WHAT TO DO:
Each image should be skipped while the records are restated word for word.

AVAILABLE DATA:

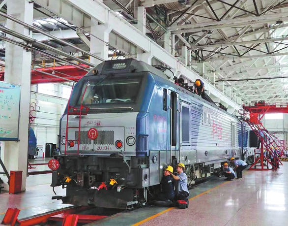 Staff members of Houma North Locomotive Depot in Shanxi province conduct thorough maintenance inspections on electric locomotives. The depot aims to safeguard the operation of locomotives running on railway lines under its jurisdiction.
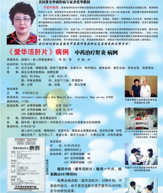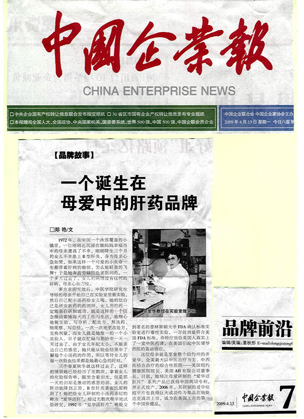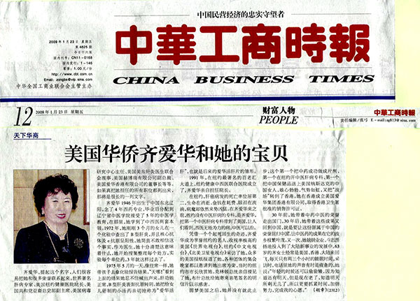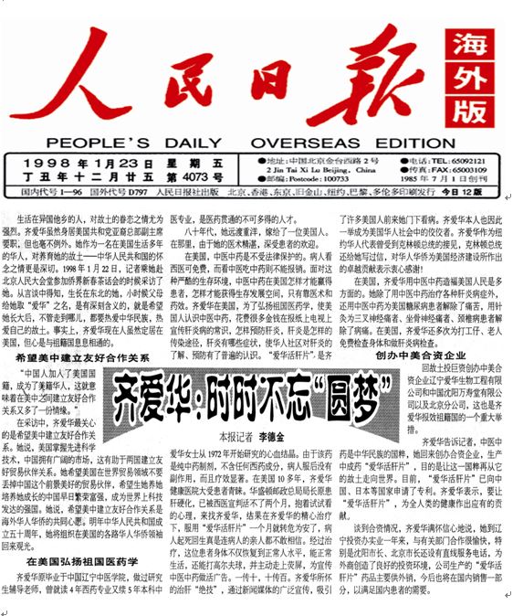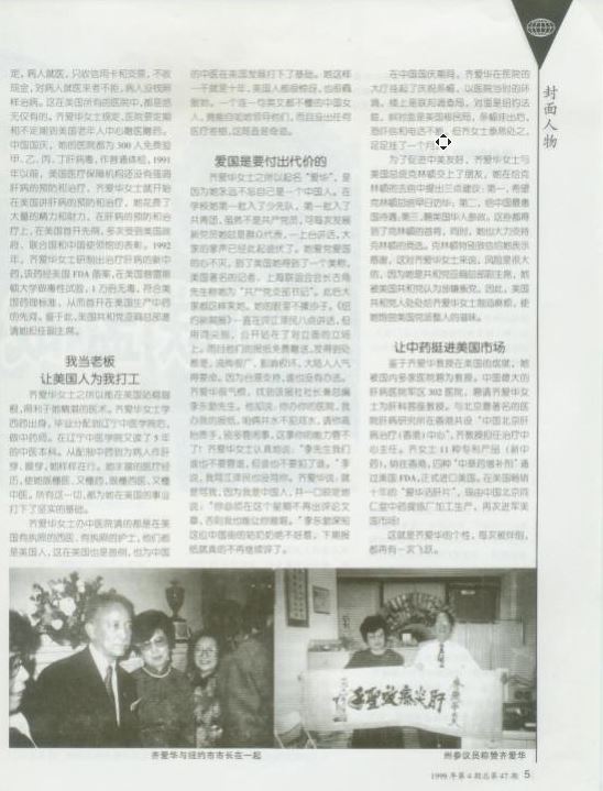 1992年,同样让她难以忘怀。齐爱华在这年中研制出了治疗肝病的新中药,这种药经过美国FDA备案,并经美国普林斯顿大学的毒性试验检测其符合美国药理标准,为她在美国生产中药奠定了依据。她更有信心了!由于出色的医术和良好的医德,她悬壶济世十余载,被周围称许为“行医美国的女杰”。(叶依)
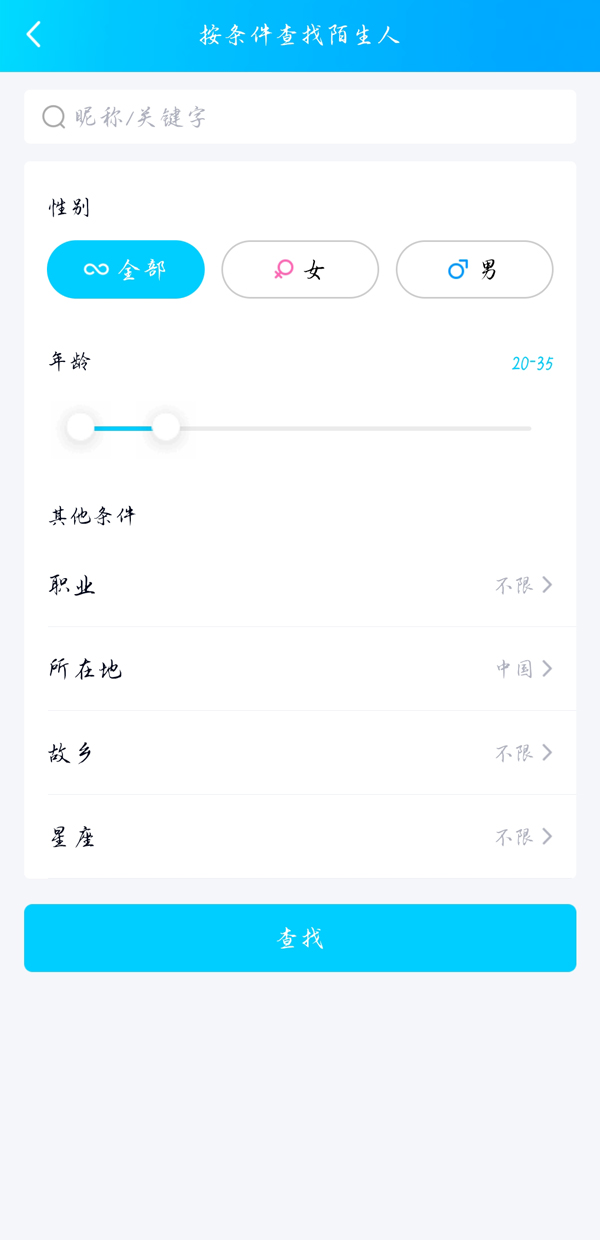1、精确查找是按照条件进行筛选,根据自己的需求来筛选好友,对所在地、年龄、性别、是否在线等筛选条件进行过滤查找和添加好友。
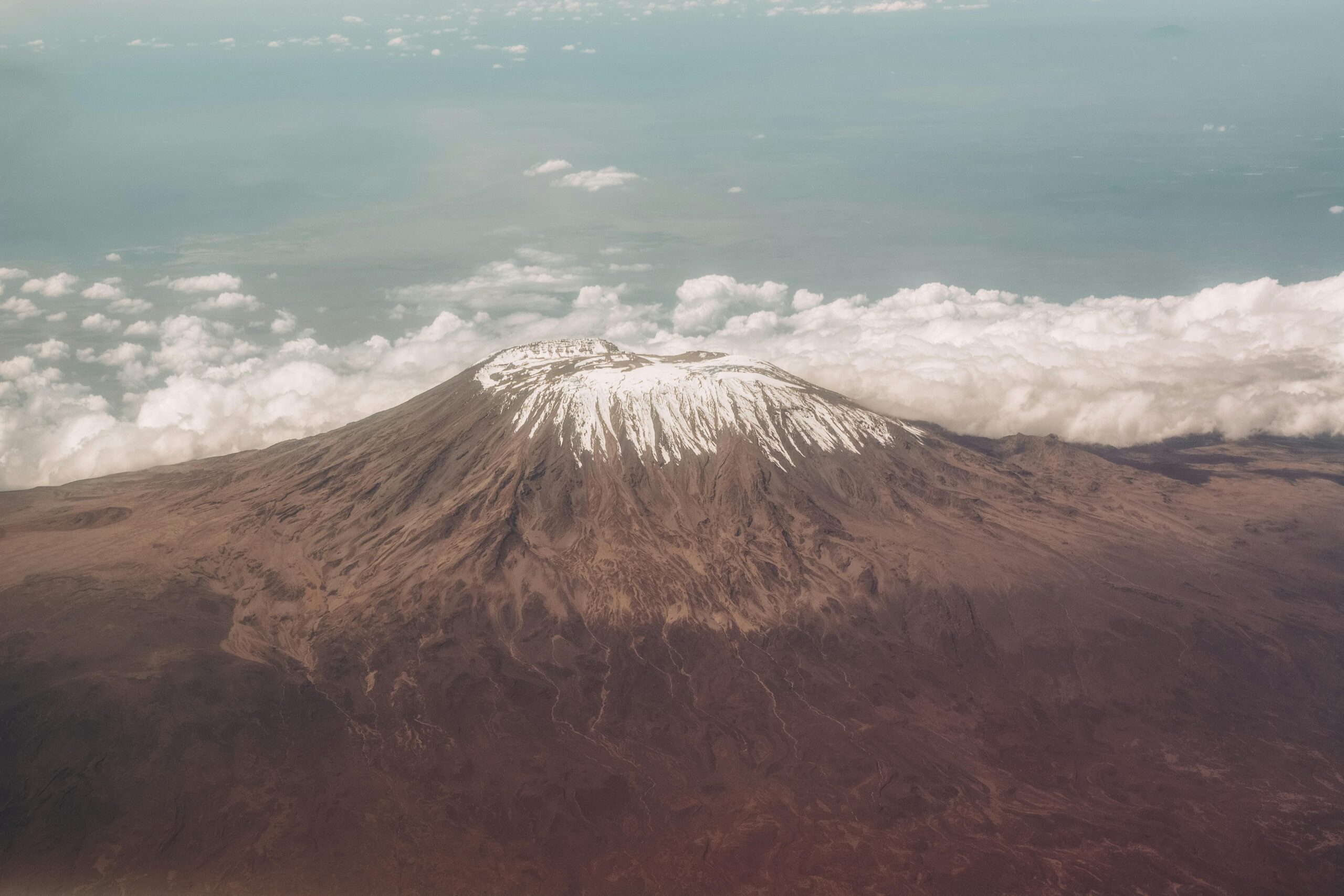 your first distant view of Kibo Peak, the snow-covered summit.
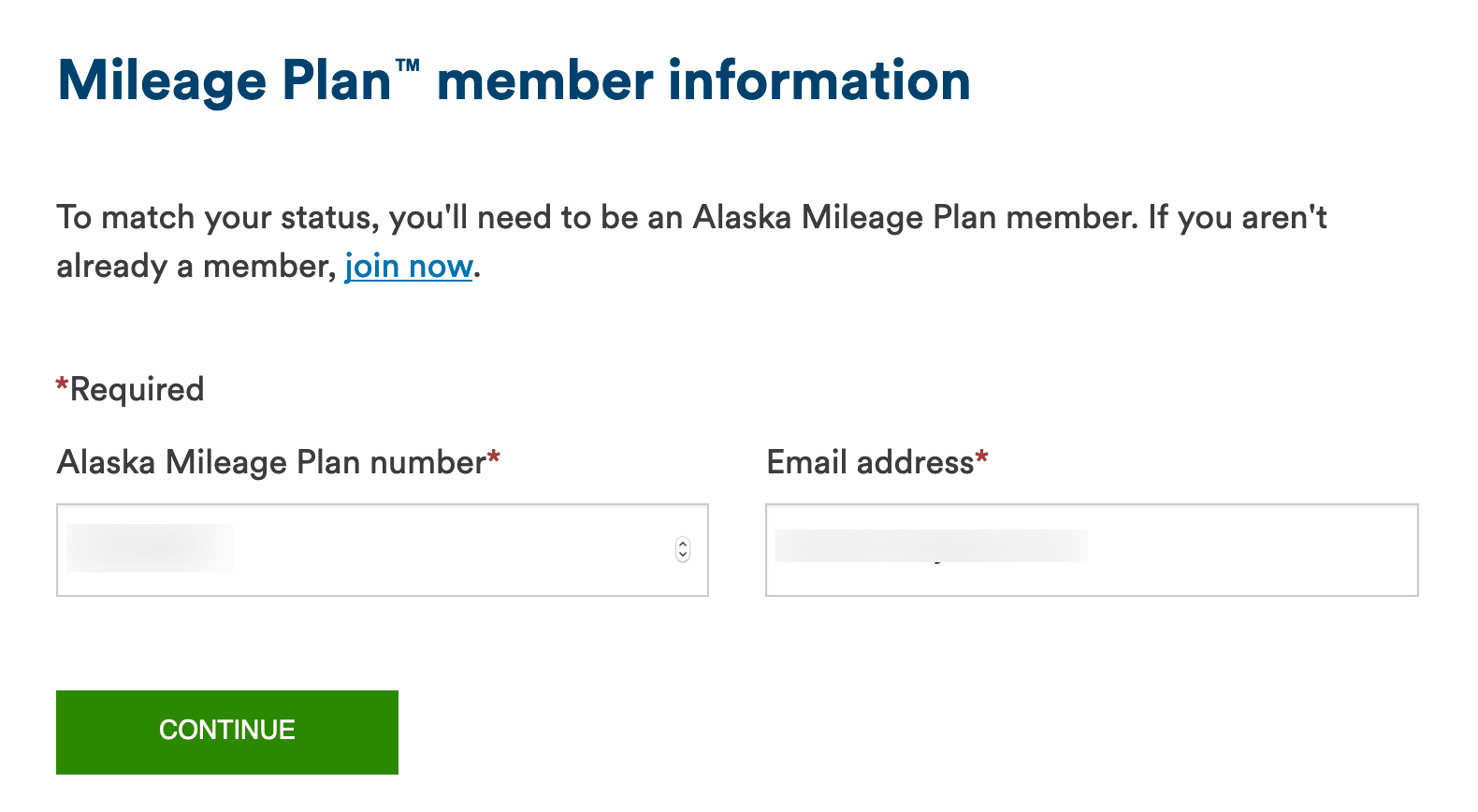 3. Enter your Alaska Mileage Plan number and email address, then click CONTINUE.

RESPONSE:
 Staff members of Houma North Locomotive Depot in Shanxi province conduct thorough maintenance inspections on electric locomotives. The depot aims to safeguard the operation of locomotives running on railway lines under its jurisdiction.
 1992年,同样让她难以忘怀。齐爱华在这年中研制出了治疗肝病的新中药,这种药经过美国FDA备案,并经美国普林斯顿大学的毒性试验检测其符合美国药理标准,为她在美国生产中药奠定了依据。她更有信心了!由于出色的医术和良好的医德,她悬壶济世十余载,被周围称许为“行医美国的女杰”。(叶依)
1、精确查找是按照条件进行筛选,根据自己的需求来筛选好友,对所在地、年龄、性别、是否在线等筛选条件进行过滤查找和添加好友。
 your first distant view of Kibo Peak, the snow-covered summit.
 3. Enter your Alaska Mileage Plan number and email address, then click CONTINUE.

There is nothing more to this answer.